梅先生不久就要上汉口演出了。这汉口的成约还远在一年以前,当地的文艺和戏剧工作同志们在到北京来开会的时候,就一再坚邀他去汉口的。因为那里的观众,已经有十几年不曾看见梅先生的演出了。很盼他能早日成行,一慰观众的渴望。可是梅先生在这一年当中,仆仆京沪道上,抽不出空儿去走一趟。最近又经多方面的敦促,才决定四月十六日带着在京的团员由北京启程前往。有一部分在上海的团员,也同时由上海出发。正赶上中国戏曲研究院成立之初,接着又要赴汉表演,所以近来实在忙得没有一些宽裕的时间,来写本篇的续稿。我们都是在百忙之中,抽出有限的一点工夫,抓着机会就讲几句。他讲完了台上的《葬花》,因此就引起了他从小爱花的回忆,在一个晚上,把他当年养牵牛花的经过谈了一下。
“我从小就爱看花,到了二十二岁,我才开始自己动手培植。每年的秋天,养的是菊花,冬天养梅桩盆景,春天养海棠、芍药和牡丹,夏天养的是牵牛花。差不离一年四季里面,我对于栽花播种的工作,倒是‘乐此不疲’地老不闲着的。

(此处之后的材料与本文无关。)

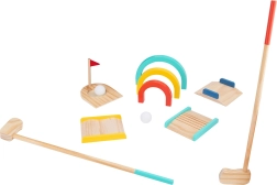 Das Holzsportspiel Golf von Tooky Toy ist ein klassisches Spiel für zwei Spieler und ideal für eine aktive Freizeitgestaltung. Dieses Spiel hilft, Konzentration, Reflexe, Geschicklichkeit und Genauigkeit zu entwickeln. Es besteht aus 100 % ungiftigem und wetterbeständigem Holz. Es ist für die ganze Familie geeignet und kann dank des einfach aufzubauenden Lochs sowohl im Garten als auch zu Hause gespielt werden.

“我养过的各种花,最感兴趣的要算牵牛花了。因为这种花不单可供欣赏,而且对我还有莫大的益处。它的俗名叫‘勤娘子’,顾名思义,你就晓得这不是懒惰的人所能养的。第一个条件,先得起早。它是每天一清早就开花,午饭一过就慢慢地要萎谢了。所以起晚了,你是永远看不到好花的。我从喜欢看花进入到亲自养花,也是在我的生活环境有了转变以后,才能如愿以偿的。
“我从民国五年起,收入就渐渐增加了。我用两千几百两银子在芦草园典了一所房子。那比鞭子巷三条的旧居是要宽敞得多了。它是两所四合房合并起来,在里边打通的。上房是十间,南房也是十间。南房这部分除了一间是大门洞,一间是门房,再紧里边靠墙是堆杂物的一间之外,其余的七间:外面的三间打通了是我的客厅;里面的四间也打通了,是我用做吊嗓、排戏、读书、画画的地方。我们都叫它书房。有些熟不拘礼的朋友,和本界的同仁来了,就在这一大间书房里谈话。
“我那时的日常生活,大概是清早七点起来,放鸽子,喊嗓子,这都是一定的课程。上午拍昆曲,下午排新戏。要是白天有戏,接着就该上馆子了。晚上大家又来讨论有关我的业务上的事情。我这一整天的时间,都抓得紧紧的,连一点空儿也没有。
“那年的初夏,有一个清早,我去找齐先生商量一点事情。在他的院子里看见有几种牵牛花的颜色非常别致,别的花里是看不到的。一种是赭石色,一种是灰色,简直跟老鼠身上的颜色一样。其他红绿紫等色,也都有的。还有各种混合的颜色,满院子里五光十色,真是有趣,看得我眼睛都花了。
“‘为什么我常见的“勤娘子”,’我这样问齐先生,‘没有这么多种好看的颜色呢?’
“‘这还不算多,’齐先生说:‘养的得法,颜色还要多哪。你要是喜欢它的颜色,你也可以来养它。这不单是能够怡情养性,而且对你的身体也有好处的。’我打齐先生那儿回家,就开始研究养牵牛花了。